Following the outbreak of war, Smith was appointed to the Special Reserve of Officers on 2 October 1914 as a Captain in 3rd (Reserve) Battalion, The West Yorkshire Regiment (Prince of Wales’s Own) but he did not take up his commission.[4] During the course of the war he continued to serve with the embassy in Russia and for his war service as ‘Translator to His Britannic Majesty’s Embassy, Petrograd’ he was made an Officer of the Order of the British Empire on 7 January 1918.[5] In consequence of the Russian civil war, in the first days of March 1918 Smith and the other staff from the embassy withdrew to Helsinki, and then returned to England.

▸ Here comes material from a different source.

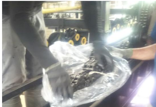
Bリフト 押送駆動移動チェーン交換

Four months later, on 20 September Smith left the United Kingdom onboard the SS Aquitania, beginning a journey to Vladivostok to join the staff of Sir Charles Eliot, the newly appointed ambassador to Siberia.[6] A little over a week later he arrived in New York and travelled overland to San Francisco, where he boarded the China Mail Steamship Co. ship SS China.

Rowland Smith died at sea on 22 October 1918 just before the China arrived at Honolulu; the cause was later given as nephritis complicated by bronchitis and pneumonia. In the absence of any other instructions, the British Consulate arranged for the burial of his remains in Oahu Cemetery, Honolulu on 11 November in a small funeral led by Canon Ault of St Andrew’s Cathedral and attended by the consul, Mr E. L. S. Gordon, his wife and his clerk. Captain Smith is buried alongside Engineer Sub-Lieutenant John Gemmell.

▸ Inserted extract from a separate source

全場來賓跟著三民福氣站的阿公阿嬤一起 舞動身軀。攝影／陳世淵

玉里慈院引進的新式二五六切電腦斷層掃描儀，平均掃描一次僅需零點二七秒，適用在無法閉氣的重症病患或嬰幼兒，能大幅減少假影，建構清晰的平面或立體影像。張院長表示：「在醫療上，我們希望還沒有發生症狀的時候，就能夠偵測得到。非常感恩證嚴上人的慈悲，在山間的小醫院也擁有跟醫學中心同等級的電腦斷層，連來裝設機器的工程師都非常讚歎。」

The War Office was notified of his death by the Foreign Office on 30 January 1919, which caused a flurry of bureaucratic activity due to his military rank and the lack of War Office records about his service with the Colonial Office. In October 1922 his file was examined by the Imperial War Graves Commission to ascertain whether or not his was a war grave—it was determined that it was not.[7]

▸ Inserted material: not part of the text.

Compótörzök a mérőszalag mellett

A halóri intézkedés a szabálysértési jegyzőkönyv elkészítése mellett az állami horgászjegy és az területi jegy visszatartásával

Smith’s sister, Elinor, served as a VAD at St. Anne’s Hall Auxiliary Red Cross Hospital, Caversham in 1915 and 1916.

1. (Back) Rowland Smith (1835-1893) married Mary Isabel Delpratt (1842-1930) at St John’s church, Calcutta on 31 December 1866: Lawrence Henry (16 December 1868-6 March 1869); Margaret Agnes (21 December 1869-5 February 1943); Fanny Cecilia (31 March 1871-17 April 1954); Ethel Mary (1873-10 March 1900); Elinor Amy (21 July 1874-15 April 1958); Mabel (1875-NK); and Eleanora (30 July 1881-NK).
2. (Back) Rowland Smith was commissioned on 26 August 1852 for service with the 59th Regiment of Bengal Native Infantry in the East India Company. Lieutenant 23 November 1856, Captain 26 August 1864, Major 26 August 1872 (Bengal Staff Corps), Lieutenant Colonel 26 August 1878, and Colonel 26 August 1882. Smith commanded the renamed 8th Regiment of Bengal Native Infantry at Rawalpindi and during the Second Anglo-Afghan War on the Hissarak Expedition from August 1879 to July 1880, after which he was invalided to England. He was present during the attack of the Mohmands on the rafts between Jalalabad and Daka.
3. (Back) Garshin, V M (Smith, R S, tr). (1912). The Signal and Other Stories. London: Duckworth & Co. In the preface Smith wrote: ‘It has been said that to know the literature of a country is to know its people, and to know a people is to appreciate them. The wealth of the Russian language, its nuance of expression, its bewildering detail and plentiful use of diminutives, makes its translation into equivalent English especially difficult. But I trust, nevertheless, that this volume of short stories, translations from the Russian, may assist in promoting knowledge in England of Russia and Russians. Nowhere is there more genuine hospitality than in Russia, and in no other country is there greater or more general kindliness of feeling.’
4. (Back) London Gazette 9 November 1914. Issue 28968, p 9116.
5. (Back) London Gazette 7 January 1918. Issue 30460, page 385.
6. (Back) Recalled to duty with the diplomatic service in 198, Sir Charles Norton Edgcumbe Eliot KCMG, CB (later GCMG) had been the vice-chancellor of Hong Kong University. In an odd coincidence, following his term as ambassador to Japan (1920-1926) he remained in Japan until he fell ill with influenza in 1931—he died at sea on the journey home on 16 March 1931 and was buried at sea.
7. (Back) TNA. PRO. (1918-1919). Captain Rowland S. Smith, The Prince of Wales’s Own (West Yorkshire Regiment). WO 339/34560.